Back up the High Street, I found the three bicycles that I looked for, two roadsters and one lightweight – obviously owned by a man of the road, for it carried a spare wheel.

All had been blown over by the wind and they did block the pavement. I had no sooner restored two to the vertical when they were claimed with a “Thank you” by their owners. The third refused to stand steadily, so was left recumbent.

The survey was made from 4.0 to 4.20 in the afternoon. If the Road Safety Committee members want to check my facts, it only means a short walk. But let’s hope they don’t get caught up by those prams!!!

c1949, an unidentified newsclip from1973

Watch out!

ROAD safety isn't a new worry — as these pictures taken some 35 years ago in Rushden illustrate.
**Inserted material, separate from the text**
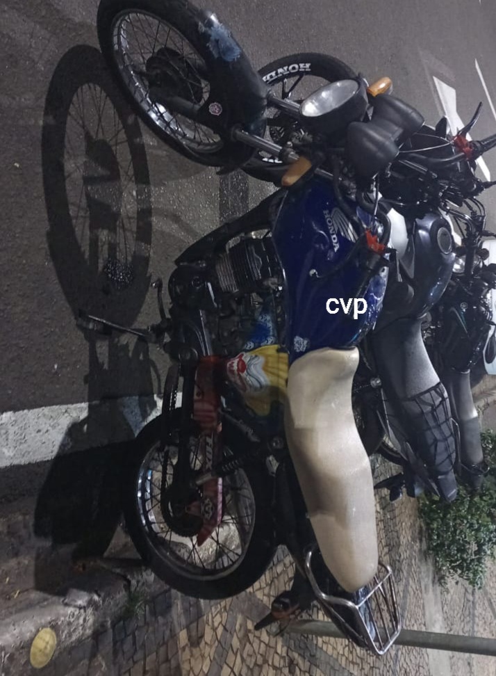 Nesta madrugada de domingo, 23/04/2023, policiais militares apreenderam uma moto de procedência duvidosa, a qual estava estacionada na Av. São Carlos, Centro de São Carlos-SP.

They were lent to us by our Raunds correspondent Don Franklin, of 28 Grombold Avenue, who was the cyclist in these photos staged to emphasise the need for motorists to be more aware of cyclists.

The pictures were arranged by George Green — whom Don recalls as the road safety officer for Rushden — and who is the indignant driver of the lovely little old Ford.

Didn't everybody look dowdy in 1949? The war years and four years of immediate post-war rationing had obviously taken their toll. People in pre-war photographs seldom appeared in such tired-looking clothes.

During the summer of '49, F. M. Sanders' shop — would have been able to sell one thing off ration — sweets. But demand was so great that rationing had to be quickly slapped back on after queues and shortages proved that British industry couldn't cope. It lasted a couple more years.

Morgan's & Sanders' Iliffe's
G E Morgan's and F M Sanders' shop in Church Street
right: Iliffe's and corner of John Street

The Rushden Echo and Argus, 22nd February 1957, transcribed by Jim Hollis

Junior accident prevention council to have cycle test

Getting off to a good start at their inaugural meeting at Rushden on Wednesday, members of the Junior Accident Prevention Council sponsored by Higham Ferrers and Rushden District Road Safety Committee, decided to submit them-selves to an open road cycling proficiency test.

Twenty-five boys and girls present followed this decision with another – to challenge the Kettering Junior Council, winners of a quiz contest with Wellingborough on Tuesday, to a general knowledge quiz.

The business of opening the meeting and electing officers was conducted in public.


The meeting was opened by Mr. E. E. Newell, chairman of Rushden Urban Council, who congratulated the Road Safety Committee on its enterprise and told the children that if they could do the work the committee wanted them to do; they would be doing a wonderful job.

Mr. W. J. A. Peck, chairman of the County Road Safety Committee, said that there were problems which they could go a long way towards helping the senior committees to solve.


Mr. H. Valvona, county road safety organiser, told the members of the council that their job was to foster and encourage interest in accident prevention.

Under his guidance they elected three officers: Chairman Dave Amos (Rushden Secondary Modern School for Boys), deputy chairman Ann Wills (Rushden Secondary Modern School for Girls) and secretary, Peter White (Wellingborough Grammar School).

The children present were between 12 and 14 years old, and represented the Rushden Secondary Modern Schools, Wellingborough Grammar, Wellingborough High and Wellingborough Technical Schools.